An MIT Computer Science and Artificial Intelligence Lab (CSAIL) team claims to have developed an AI system that can analyze X-rays to anticipate certain kinds of heart failure. By detecting signs of excess fluid in the lungs, a condition known as pulmonary edema, the researchers say it can quantify heart failure severity on a four-level scale correctly more than half the time.
Every year, roughly 12.5% of deaths in the U.S. are caused at least in part by heart failure, according to the U.S. Centers for Disease Control and Prevention. One of acute heart failure’s most common warning signs is edema; a patient’s exact level of excess fluid often dictates a doctor’s course of action. But making these determinations is difficult and requires clinicians to rely on subtle features in X-rays, which can sometimes lead to inconsistent diagnoses and treatment plans.
To overcome this challenge, the CSAIL team developed an AI model that jointly learns from a large number of chest radiographs and their associated radiology reports, with a limited number of edema severity labels and text from the reports’ “impressions,” “findings,” “conclusion,” “recommendation,” and “final report” sections. (Severity labels range from 0 to 3, with 3 indicating the severest condition.) At inference time, the model computes edema severity given the input image, even making predictions from the reports themselves.
The system had to be designed to handle varying tones and a range of terminology, accounting for radiologists’ unique writing styles.
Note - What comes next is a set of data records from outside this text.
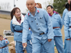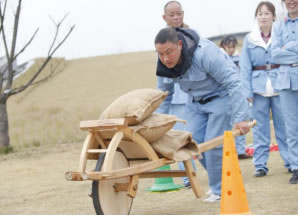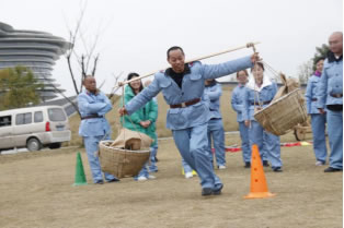 在独轮车和扁担运送军粮项目中,两支队伍需要用独轮车和扁担穿越障碍来接力运送军粮,用时最短的队伍即获得胜利,再现了当年老百姓为红四方面军运送粮食的场景。
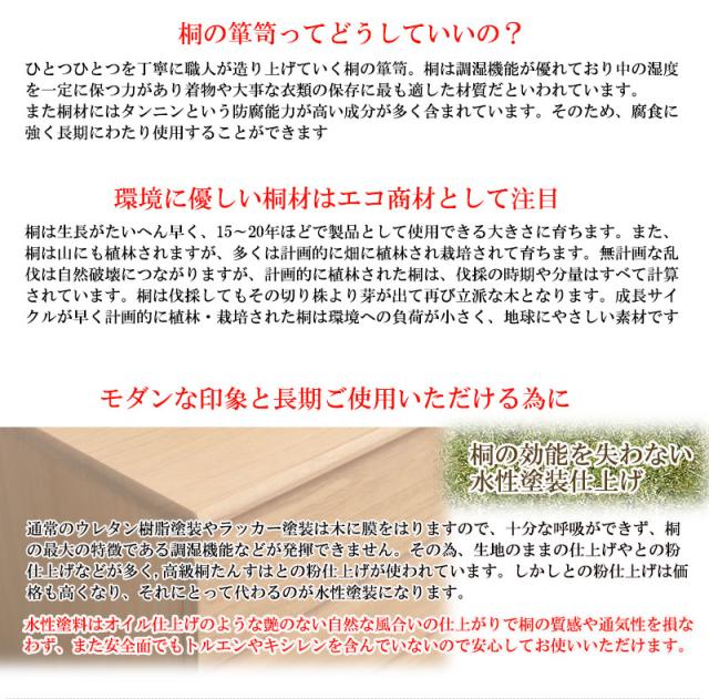 ■商品について/取っ手金物を排除し桐箪笥の概念を覆したモダンな印象の桐箪笥シリーズに三つ折り着物・帯・小物収納に最適なサイズが登場。和室はもちろん、洋室にも合うこだわり設計。桐の素材の風合いをそのまま活かした生地仕上げ、緩やかな木目を生かしたナチュラル、ブラウンカラーの3タイプをご用意。多段のラインからできる影は見てるだけで心地いい。通常の桐箪笥とは違い、天板に重い物を載せれる様に、15mm厚の2枚重ねを採用したところもこだわりポイントです。桐材は着物や浴衣、洋服など長期保管に最適です。
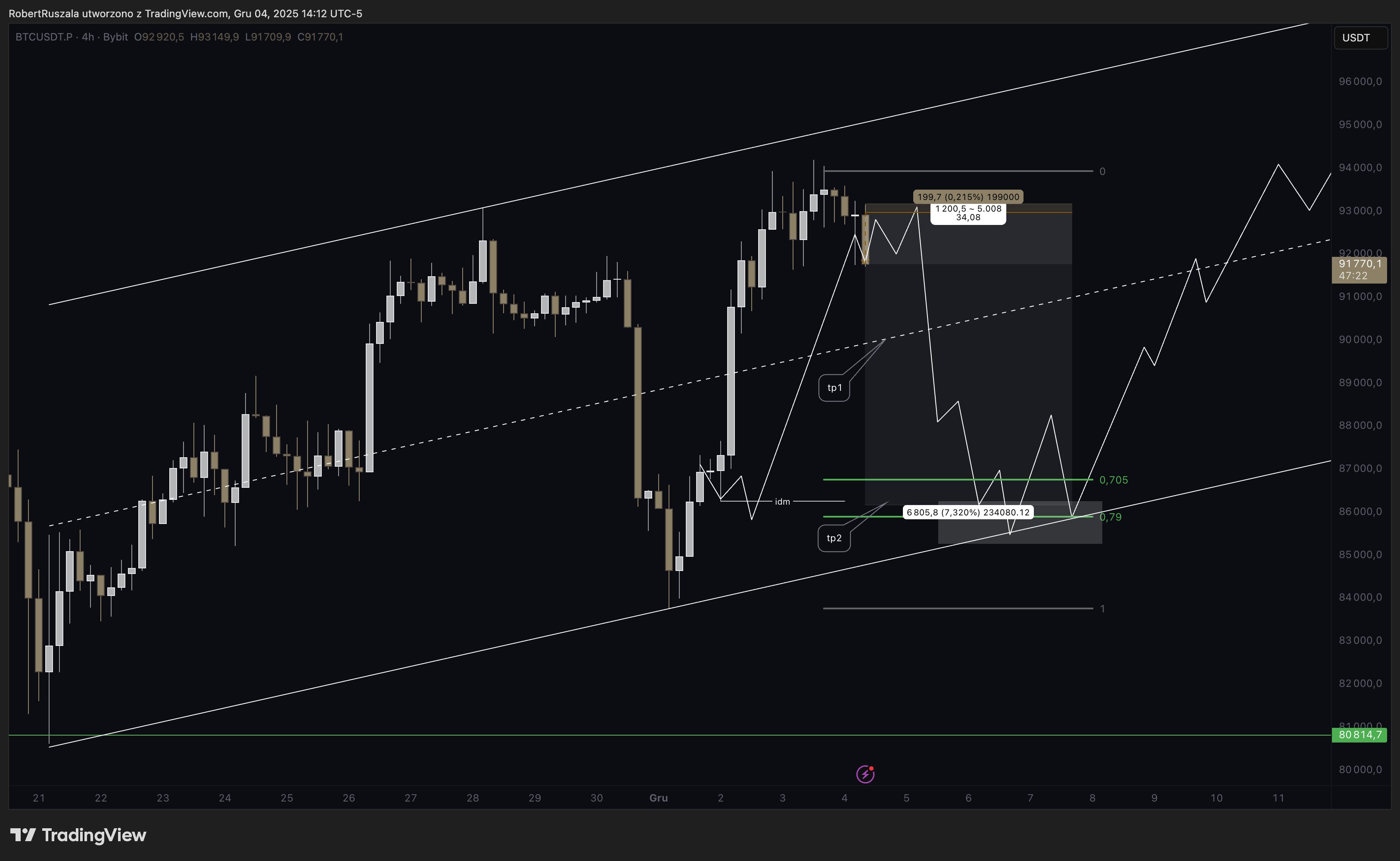 „Podchodziłem do short-a 3x – partials po drodze, później BE, aż się udało na sesji NY (już zabezpieczona). Tp1 – połowa kanału. Tp2 – OTE. W OTE będę szukał swing longa pod, moim zdaniem, ostatnią nogę up kończącą fale C.”
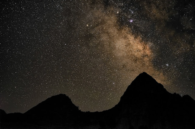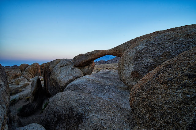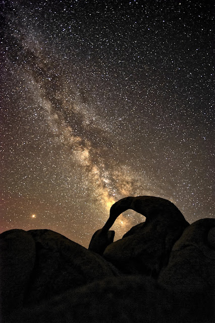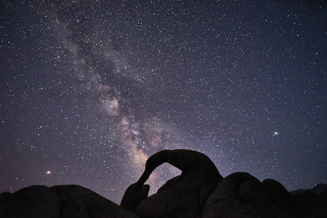 I was all by myself and was planning on a quiet couple of hours and then a mom and dad and their 4 kids came around the corner and started poking around the arch. I had visions of my carefully planned Milky Way photo disappearing, but they saw me and the tripod and got really apologetic. I told them I was waiting for stars and they weren't ruining any photos at the moment. I took a group photo for them and the dad said they were heading back to the parking area to set up a telescope and I was welcome to stop by on my way out.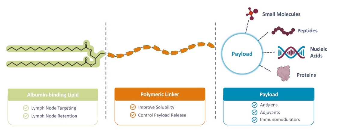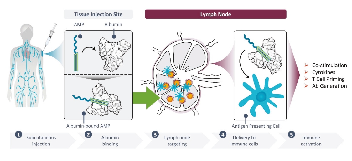 Elicio believes the improved delivery to the lymph nodes inherent with larger molecules holds great promise for enhanced immunological responses and therapeutic efficacy. Elicio’s AMP platform is designed to use this ability of larger molecules to deliver therapeutic payloads of interest to the lymphatic system.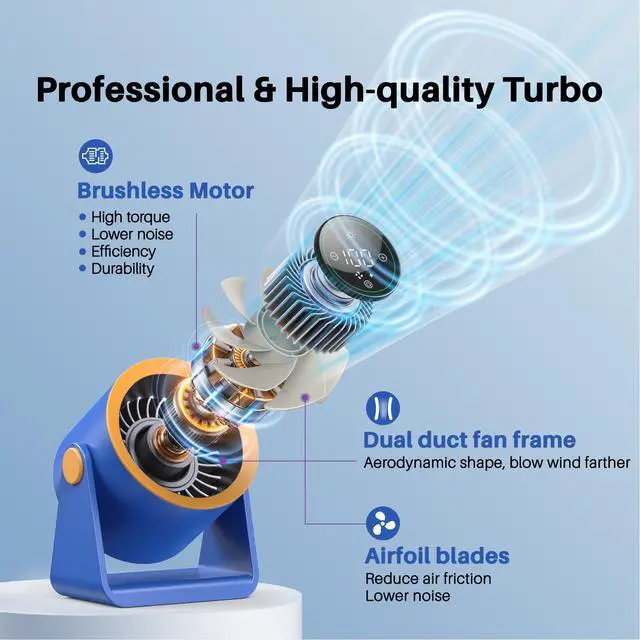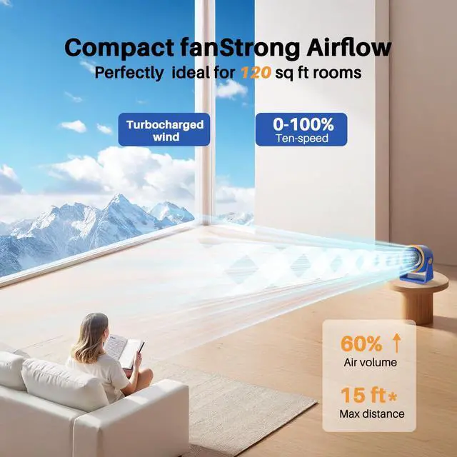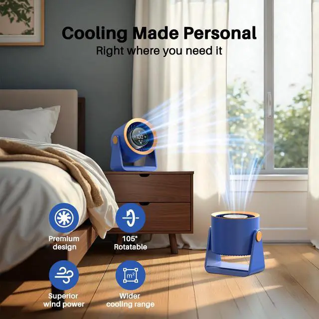 , Ausic Desk Fan combines compact design with high performance. Its exclusive TurboSilent Technology mimics aircraft turbine mechanics and features an innovative wind tunnel design, pushing air up to 25 feetenhancing cooling air circulation by 200% compared to traditional fans. With a 105° adjustable angle, it ensures optimal airflow for rooms up to 120 sq ft. Must-have summer essentials for your home!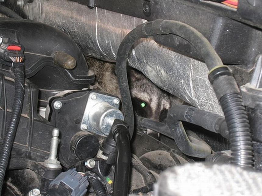 ぬくぬくあったかい場所なのを嗅ぎつけた動物たちが、温泉代わりによく利用しているのが車のボンネットの中なんだそうで、こんな動物たちがついうっかり見つかっちゃったわけなんだ。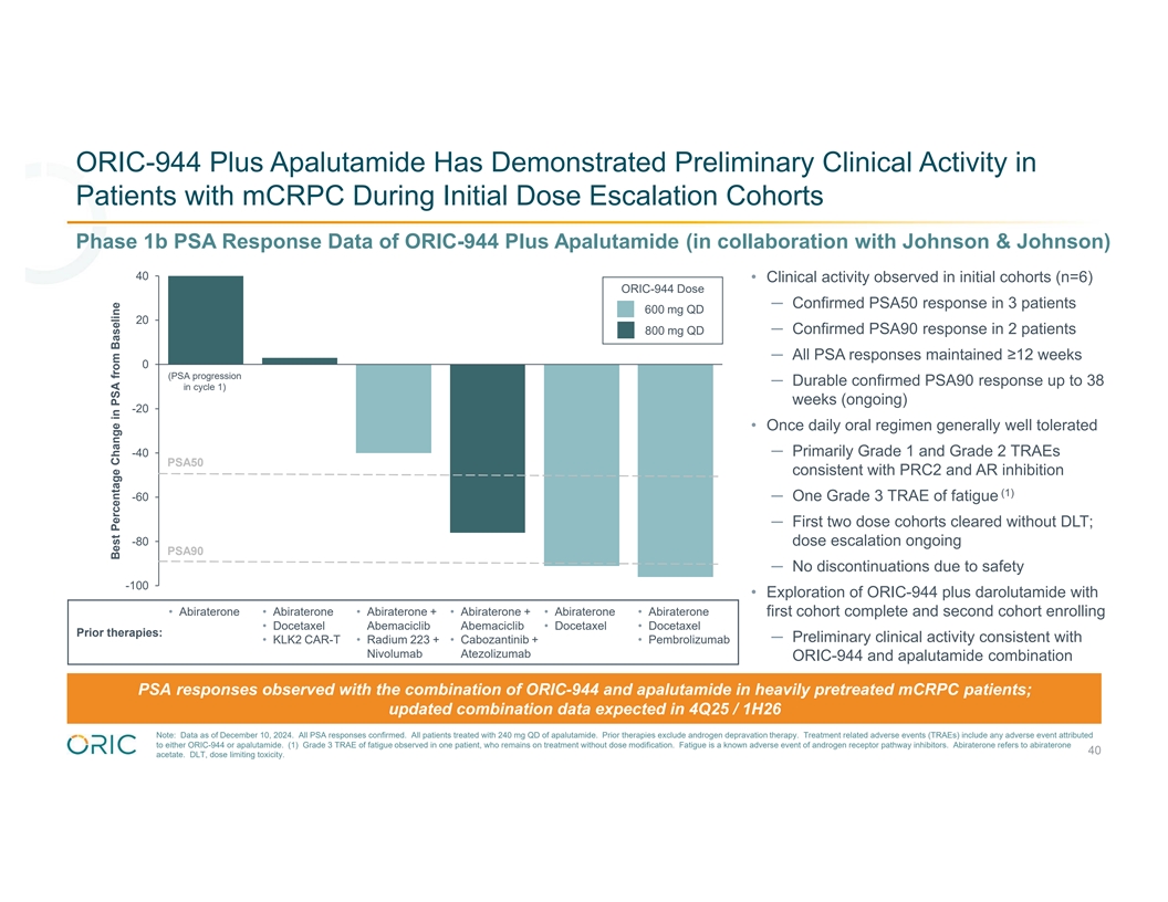ORIC-944加阿帕鲁胺在初始剂量递增队列mCRPC患者中显示出初步临床活性ORIC-944加阿帕鲁胺的1b期PSA应答数据(与强生合作)40 •在初始队列(n = 6)中观察到的临床活性ORIC-944剂量─ 3例患者证实PSA50应答600mg QD 20800mg QD ─ 2例患者证实PSA90应答─所有PSA应答维持≥ 12周0(PSA进展─持久证实PSA90应答高达1周期38)周(进行中)-20 •每日一次口服方案一般耐受性良好-40 ─首要级符合PRC2和AR抑制的1级和2级TRAE PSA50(1)-60 ─疲劳的1级3级TRAE ─前两个剂量组在没有DLT的情况下清除;-80剂量递增正在进行的PSA90 ─由于安全性没有停用-100 •探索ORIC-944加地鲁鲁胺与•阿比特龙•阿比特龙•阿比特龙+ •阿比特龙•阿比特龙第一组完成和第二个队列入组•多西他赛Abemaciclib abemaciclib •多西他赛•多西他赛先前疗法:─初步临床活性与• KLK2 CAR-T •镭223 + •卡博替尼+ •帕博利珠单抗阿替珠单抗ORIC-944和阿帕鲁胺联合用药在大量预处理的mCRPC患者中观察到的阿帕鲁胺联合PSA反应一致;预计在4Q25/1H26更新的联合数据注:截至2024年12月10日的数据。PSA的所有回应都得到了证实。所有患者均接受240mg阿帕鲁胺QD治疗。先前的疗法不包括雄激素减退疗法。治疗相关不良事件(TRAE)包括由ORIC-944或阿帕鲁胺引起的任何不良事件。(1)在1名患者中观察到的3级疲劳TRAE,该患者仍在接受治疗,没有进行剂量调整。疲劳是已知的雄激素受体通路抑制剂的不良事件。阿比特龙是指醋酸阿比特龙40。DLT,剂量限制性毒性。PSA较基线的最佳百分比变化
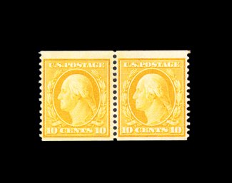 1356 og 356 image#356, 10c Yellow coil, perf. 12 vert., pair, well centered, bright fresh color, o.g., a very fine example of this rare coil pair; light Mekeel guarantee handstamp on reverse, as well as being accompanied by 1970 and 1997 PF certificates. (Image) 7,000.00
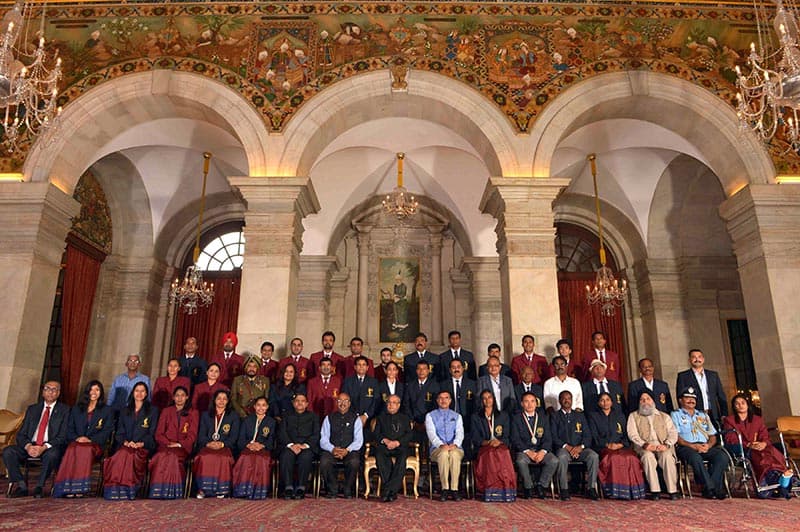 President Pranab Mukherjee with awardees pose fro a group photograph, during Sports and Adventure Award 2016 ceremony, at Rashtrapati Bhavan, in New Delhi on Monday. UNI PHOTO

In a step toward this, the researchers developed a set of linguistic rules and substitutions, ensuring that data could be analyzed consistently across reports even when the reports lack labels for the edema severity.
In training the model, the researchers sourced data from the open source MIMIC-CXR dataset, which contains over 377,110 chest radiographs associated with 227,835 radiology reports. After extracting severity labels from the associated files, filtering for keywords from other disease processes, and limiting label extraction to patients with congestive heart failure, the researchers were left with a training dataset of 247,425 image-text pairs.
To evaluate the model, the researchers randomly selected hundreds of image-text pairs and had a board-certified radiologist and domain experts review and correct the labels of the reports. After training on both images and text, the system achieved 90% accuracy when classifying level-3 pulmonary edemas and 82% and 81% accuracy, respectively, when classifying level-1 and level-2 edemas.
In collaboration with Beth Israel Deaconess Medical Center (BIDMC) and Philips, the team plans to integrate their system into BIDMC’s emergency room workflow this fall. They hope the annotations of the severity labels, which were agreed upon by a team of four radiologists, can serve as a universal standard to benchmark future machine learning development.
“Our model can turn both images and text into compact numerical abstractions from which an interpretation can be derived,” Ph.D. student and coauthor Geeticka Chauhan said. “We trained it to minimize the difference between the representations of the X-ray images and the text of the radiology reports, using the reports to improve the image interpretation … These correlations will be valuable for improving search through a large database of X-ray images and reports, to make retrospective analysis even more effective.”